● Available data:
════════

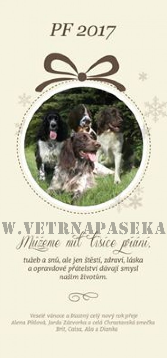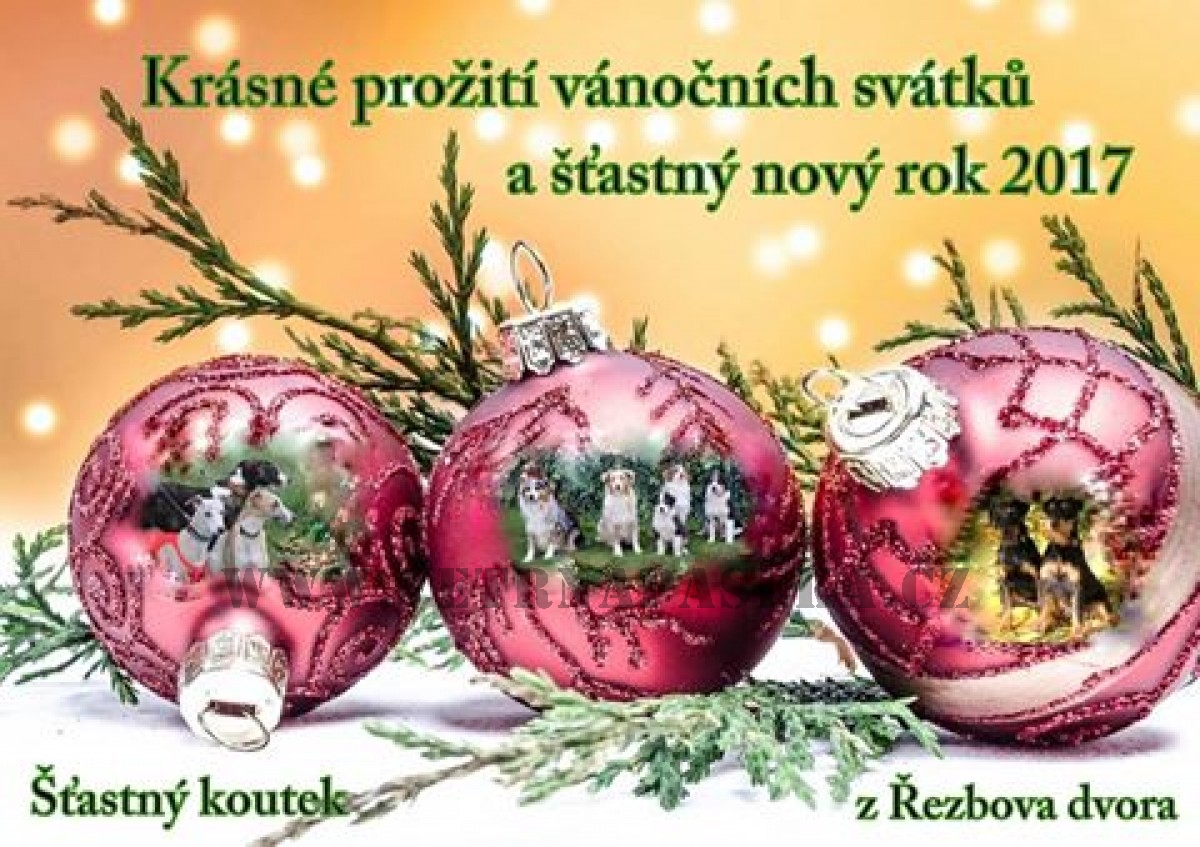 Přejeme Vám všem krásně prožité chvíle vánoční, pohodu v duši a na srdci. Do nového roku 2017 pak hodně zdraví, hodně pracovních a životních úspěchů. Našim pejskům pak spokojený psí život, naplněný naší láskou a dobrůtkami! Děkujeme za Vaše krásná přáníčka, která postupně budeme přikládat.
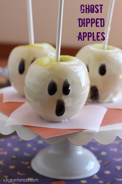 Apples covered in melted marshmallows are made to look like scary ghosts just in time for Halloween! This sticky, gooey, spooky Halloween treat will get rave reviews from all who are privileged to enjoy!
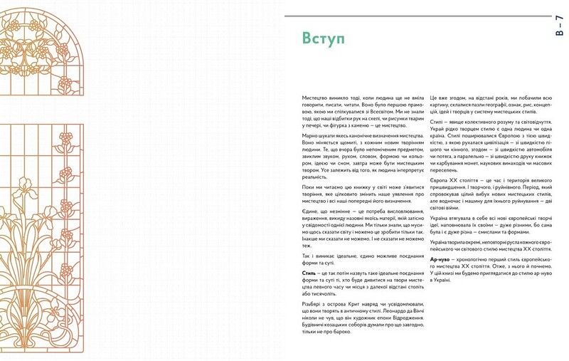 ХХ століття — період, який спровокував цілий вибух нових стилів у світовому мистецтві, серед яких хронологічно першим був ар-нуво. Україна вбирала в себе всі нові європейські творчі ідеї, наповнюючи їх власними смислами і формами. Для тих, хто досі не цікавився вітчизняним мистецтвом, ця книжка стане зручним і привабливим трампліном для входження до світу візуальної культури. А фахівці зможуть подивитися на свою царину з нового боку: побачити зображення рідкісних творів українського ар-нуво з обласних музеїв та простежити зв'язки національних і світових тенденцій у мистецтві ХХ століття.

════════

● Exercise prompt: Give the lines from the one containing "Apples covered in" through the final line of the material again, exactly and in full, but without pictures.

● Response for this exercise:
 Apples covered in melted marshmallows are made to look like scary ghosts just in time for Halloween! This sticky, gooey, spooky Halloween treat will get rave reviews from all who are privileged to enjoy!
 ХХ століття — період, який спровокував цілий вибух нових стилів у світовому мистецтві, серед яких хронологічно першим був ар-нуво. Україна вбирала в себе всі нові європейські творчі ідеї, наповнюючи їх власними смислами і формами. Для тих, хто досі не цікавився вітчизняним мистецтвом, ця книжка стане зручним і привабливим трампліном для входження до світу візуальної культури. А фахівці зможуть подивитися на свою царину з нового боку: побачити зображення рідкісних творів українського ар-нуво з обласних музеїв та простежити зв'язки національних і світових тенденцій у мистецтві ХХ століття.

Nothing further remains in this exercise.